BERDESA.COM – Tahukah Anda, nafas negeri ini bisa dikatakan berhembus karena keberadaan Usaha Kecil Menengah (UKM). Bagaimana tidak, ada 52 juta UKM dari Sabang hingga Merauke dan menyerap lebih dari 90 persen tenaga kerja di seantero nusantara. Jangan salah pula, dari total jumlah itu 60 persen di antaranya di jalankan pelaku UKM: perempuan! Maka sebenarnya kaum perempuanlah yang menopang sebagian nyawa warga negara ini.

Para perempuan pejuang ini umumnya menekuni usahanya sembari menjalankan fungsinya sebagai ibu rumah tangga yang harus mengurus anak, suami dan rumahnya. Di sela-sela waktunya yang padar itulah mereka berusaha membantu suami mereka mendapatkan income untuk memenuhi kebutuhan keluarga. Hebatnya, fakta yang dihimpun Berdesa.com menyebutkan para perempuan pelaku UKM jauh lebih tertib dalam hal manajemen keuangan, utamanya mengembalikan pinjaman pada lembaga yang meminjami modal untuk usaha mereka.

Tak berlebihan kiranya, perempuan memang memiliki kemampuan khusus dibanding kaum pria yakni bisa menjalankan beberapa pekerjaan atau kegiatan yang berbeda satu sama lain dengan cara yang unik.
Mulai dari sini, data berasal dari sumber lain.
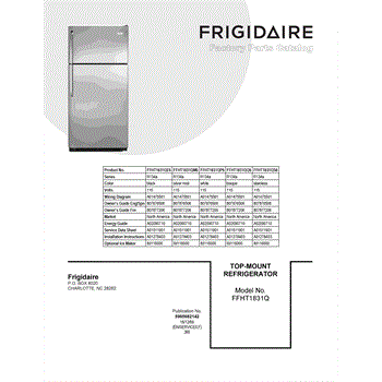 Parts for Frigidaire FFHT1831QP6: 01 - Cover Sheet Parts

Bayangkan, sejak pagi mereka harus menyiapkan makanan, memandikan anak, mengurus anaknya ke sekolah sekaligus menjemput, bertanggungjawab menyiapkan makanan lagi dan di sela semua itu masih pula menjalankan kegiatan menghasilkan uang. Apakah kaum laki-laki mampu melakukan semua daftar pekerjaan itu dalam 24 jam? Maka bangsa ini, terutama kaum pria,  sudah jelas harus berterima kasih pada kaum perempuan atas peran multi fungsi yang mereka jalankan.

UKM perempuan umumnya bekerja pada beberapa bidang khas yakni makanan, fashion dan kerajinan. Di satu sisi tiga bidang ini memang sangat identik dengan keseharian mereka. Menjalankan industri di bidang kuliner membuat para ibu bukan hanya menghasilkan uang melainkan juga bisa mendapatkan ‘bonus’ makanan gratis dari apa yang diolahnya. Bagi perempuan, urusan seperti ini tidak bisa dianggap remeh.

Meski bergerak pada wilayah industri rumahan dengan pola yang sebagian besar masih konvensiona tetapi para perempuan ini membuktikan pusaran uang dari jual beli makanan yang mereka ciptakan bukan main-main angkanya. Padahal sebagian besar masih bergerak pada sektor yang terbatas karena banyaknya kegiatan domestik yang musti mereka jalankan. Seperti yang dilakukan para ibu di daerah Turi, Sleman, Yogyakarta. Di pusat Salak Pondoh ini para ibu-lah yang menciptakan aneka rupa makanan turunan salak mulai dari asinan, geplak salak, jenang salak hingga kopi salak. Kini, makanan olahan turunan salak ini sudah menyebar ke psar yang jauh lebih luas bahkan online. Tangan pada ibu-lah yang menciptakannya.

Industri fashion, jalan ditanya. Di sekujur wilayah negeri ini ribuan kelompok industri rumahan dijalankan para perempuan. Mereka ada yang bekerja di balik mesin jahit yang kemudian menjadi sentra bordir dan pakaian muslim di Tasikmalaya. Di Wedi, Klaten para perempuan aktif mengerjakan pekerjaan menjahit dan sablon yang membuat desa mereka kemudian dikenal sebagai sentra industri pakaian.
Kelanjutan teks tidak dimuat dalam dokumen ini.